%%
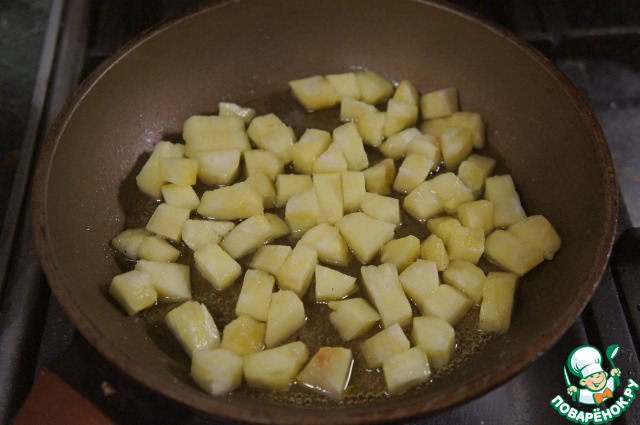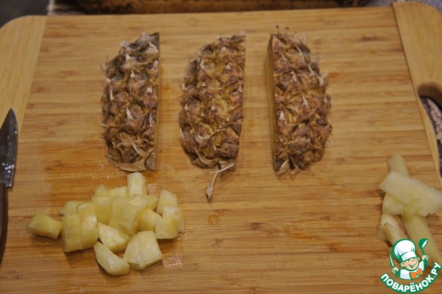 Тем временем подготовить карамелизированный ананас: очистить его, удалить жесткую серединку, мякоть нарезать на небольшие кубики.
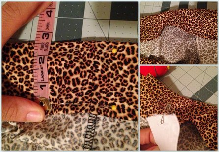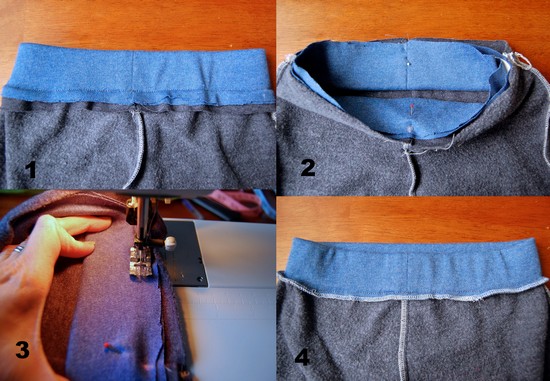 На брюках так же расставляем 4 булавки через равные промежутки и совмещаем с булавками на резинке и прошиваем
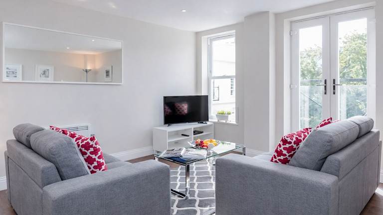 Die Roomspace Serviced Apartments - Trinity House bieten geräumige und komfortable Unterkünfte, die ideal sind für längere Aufenthalte oder für Reisende, die sich wie zu Hause fühlen möchten. Jedes Apartment verfügt über einen gemütlichen Sitzbereich, in dem Sie sich entspannen können, sowie einen Flachbild-TV für Unterhaltung. Die Küche ist gut ausgestattet mit einem Kühlschrank, einem Geschirrspüler, einem Backofen, einer Mikrowelle, einem Kochfeld, einem Toaster und einem Wasserkocher. Das private Badezimmer ist mit einer Badewanne oder einer Dusche und kostenlosen Pflegeprodukten ausgestattet.
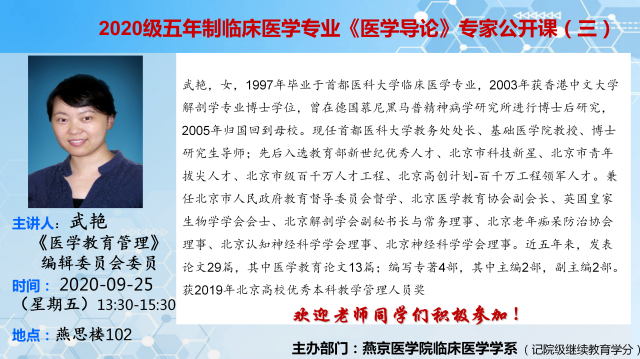 武艳教授"医学导论"公开课(三)的通知
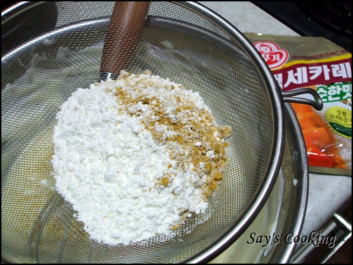 카레와 박력분은 채에 1~2번 정도 내려서 사용해주셔야 고운 입자의 케이크가 나와요.
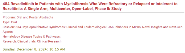 [1] Chunkang Chang,et al.Rovadicitinib in Patients with Mvelofibrosis Who Were Refractory or Relapsed or Intolerant to Ruxolitinib: A Single Arm, Multicenter, Open-Label, Phase lb Study.2024 ASH.
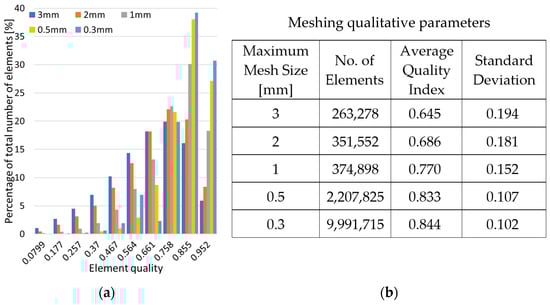 Initially, a convergence study was performed in order to analyze how the maximum size of the elements influence the final results. Figure 7a displays the percentage distribution of the number of elements of each mesh. Figure 7b shows the meshing qualitative parameters. It is observed that, contrary to expectations, there is no proportionality between the maximum size of the mesh and the number of elements into which the solid is discretized. This is due to the large elements generated in areas with large radii of curvature, which require a finer mesh in adjacent areas where the radius of curvature of the surfaces decreases. However, a positive trend in the average quality index and a negative trend in the standard deviation are observed as the refinement of the mesh increases. Also, the number of elements along the thickness of the geometry walls is important, noting that in the case of a mesh with an element size greater than 1 mm, a single element was generated throughout the thickness. This resulted in element shapes that significantly deviate from the ideal equilateral triangle shape typical of regular tetrahedron elements. As the mesh size is decreased, the walls are divided into more layers, which facilitates the creation of higher-quality elements along the surfaces.
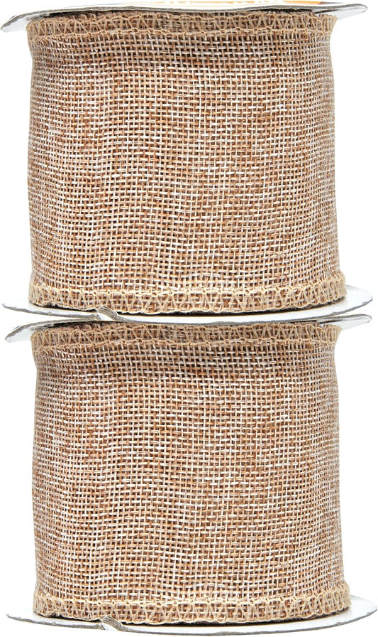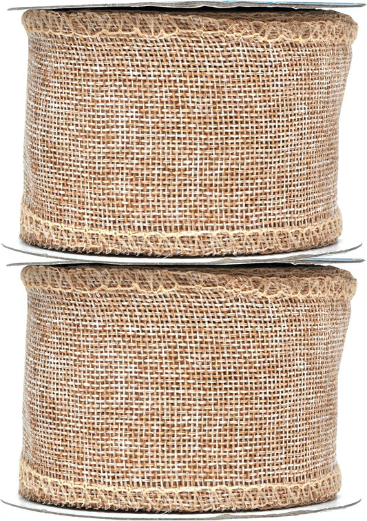 Mandala Crafts White Burlap Wired Ribbon 2 Inches Wide Jute Ribbons for Crafts - 10 Yds Roll Rustic Burlap Wrap Trim Ribbons for Wreaths Bows Party Decoration
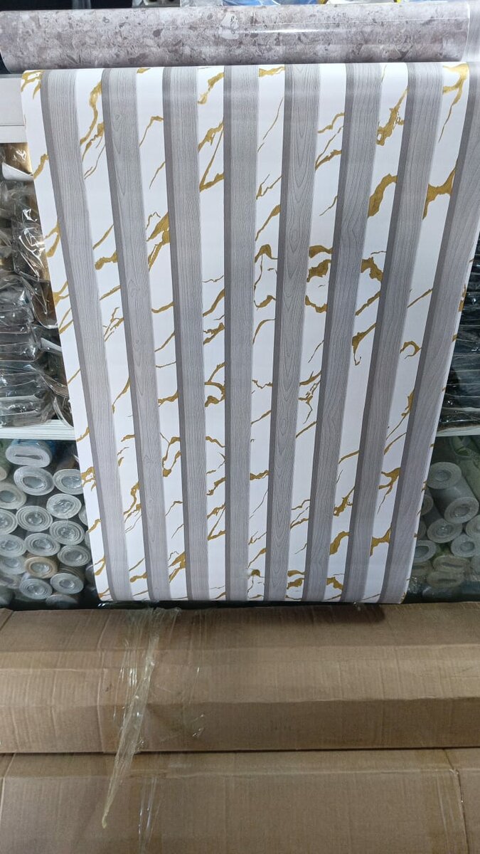 Ajoutez une touche d'élégance à vos murs avec ce papier peint à rayures marbrées dorées. Idéal pour un salon moderne ou une chambre raffinée. Facile à poser, il transformera votre espace en un rien de temps.
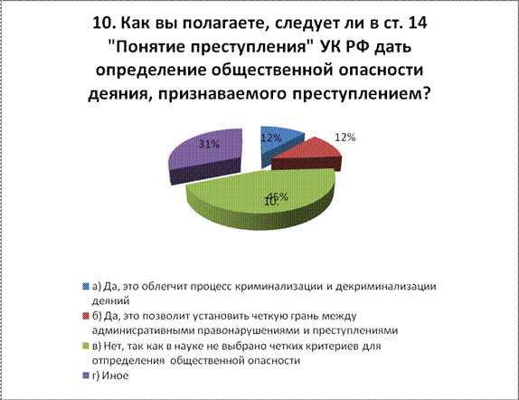 45 % респондентов не видят возможности, каким образом можно ввести в УК РФ понятие «общественная опасность», так как в науке не выработано его четких критериев. По 12 %, а всего 24 % желали бы видеть это понятие в УК РФ. Были и иные мнения. По пункту «г» были высказаны следующие мнения. Один респондент, ответив отрицательно, пояснил, что это решает сам законодатель. Один респондент указал весьма изменчивый характер понятия «общественная опасность». Три респондента считают, что в УК такое определение не требуется вообще. Два респондента затрудняются с ответом. Один респондент ответил «да», мотивируя тем, что это будет служить ориентиром для правоприменителей. Пятнадцать респондентов, указав «иное», не мотивировали ответ. Три респондента дали отрицательный ответ без мотивации.
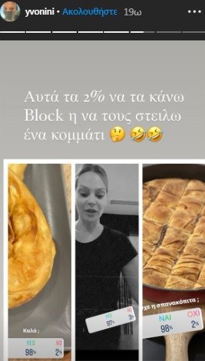 Στην πρώτη φωτογραφία είχε τη «σκοπελίτικη πίτα» ρωτώντας αν φαίνεται καλή, ενώ το δεύτερο ποστ είχε και σπανακόπιτα. Μάλιστα για το 2%, που απάντησε, πως δεν του άρεσε, δεν έχασε το χιούμορ της και εξομολογήθηκε τον τρόπο με τον οποίο θα τιμωρήσει εκείνους που είπαν ότι δεν της πέτυχαν οι πίτες. Δείτε τις σχετικές φωτογραφίες και σου δίνουμε και εμείς 3 σούπερ συνταγές με πίτες.
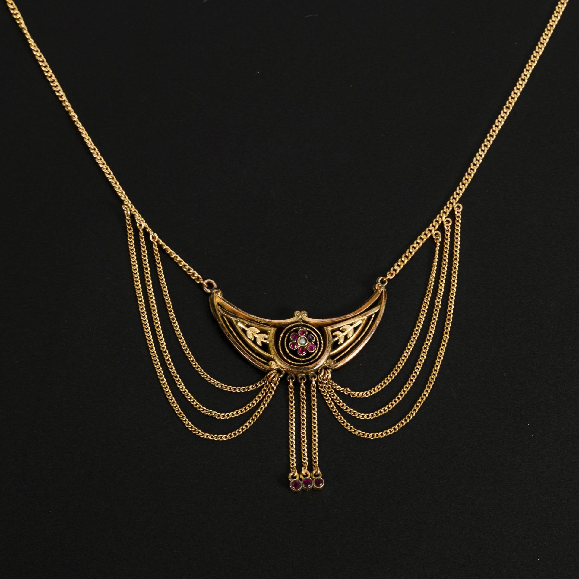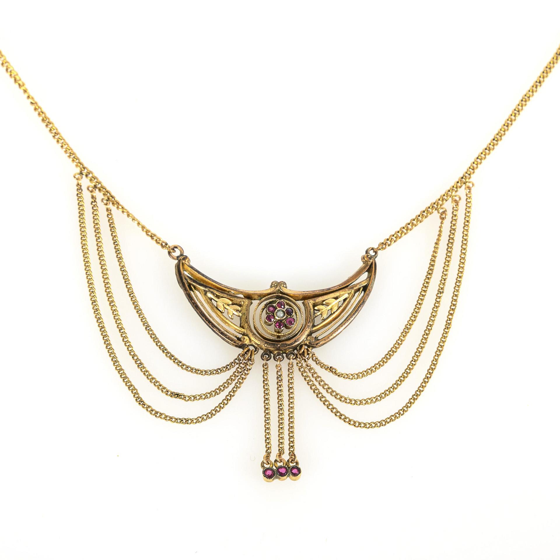 Delicate Art Nouveau necklace with pendants, gemstones and seed pearl, typical of the period. Gilding partially rubbed, an older repair.
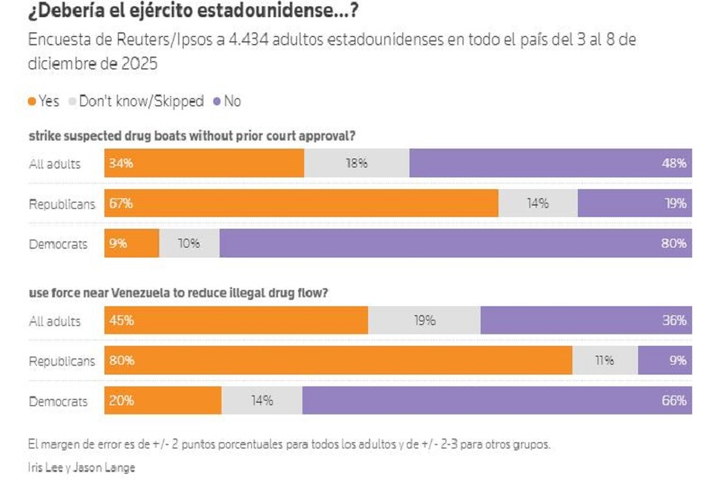 10/12/25.- Según la agencia de noticias británica Reuters, un amplio sector de los estadounidenses se opone a los ataques mortales ejecutados por el ejército de Estados Unidos (EEUU) contra barcos que supuestamente transportan drogas en aguas del Caribe.
%%
To do — Could you please write out exactly the lines from the start of the entries above through the line that holds "[1] Chunkang Chang,et", both included, with no pictures?

Task solution —
 Тем временем подготовить карамелизированный ананас: очистить его, удалить жесткую серединку, мякоть нарезать на небольшие кубики.
 На брюках так же расставляем 4 булавки через равные промежутки и совмещаем с булавками на резинке и прошиваем
 Die Roomspace Serviced Apartments - Trinity House bieten geräumige und komfortable Unterkünfte, die ideal sind für längere Aufenthalte oder für Reisende, die sich wie zu Hause fühlen möchten. Jedes Apartment verfügt über einen gemütlichen Sitzbereich, in dem Sie sich entspannen können, sowie einen Flachbild-TV für Unterhaltung. Die Küche ist gut ausgestattet mit einem Kühlschrank, einem Geschirrspüler, einem Backofen, einer Mikrowelle, einem Kochfeld, einem Toaster und einem Wasserkocher. Das private Badezimmer ist mit einer Badewanne oder einer Dusche und kostenlosen Pflegeprodukten ausgestattet.
 武艳教授"医学导论"公开课(三)的通知
 카레와 박력분은 채에 1~2번 정도 내려서 사용해주셔야 고운 입자의 케이크가 나와요.
 [1] Chunkang Chang,et al.Rovadicitinib in Patients with Mvelofibrosis Who Were Refractory or Relapsed or Intolerant to Ruxolitinib: A Single Arm, Multicenter, Open-Label, Phase lb Study.2024 ASH.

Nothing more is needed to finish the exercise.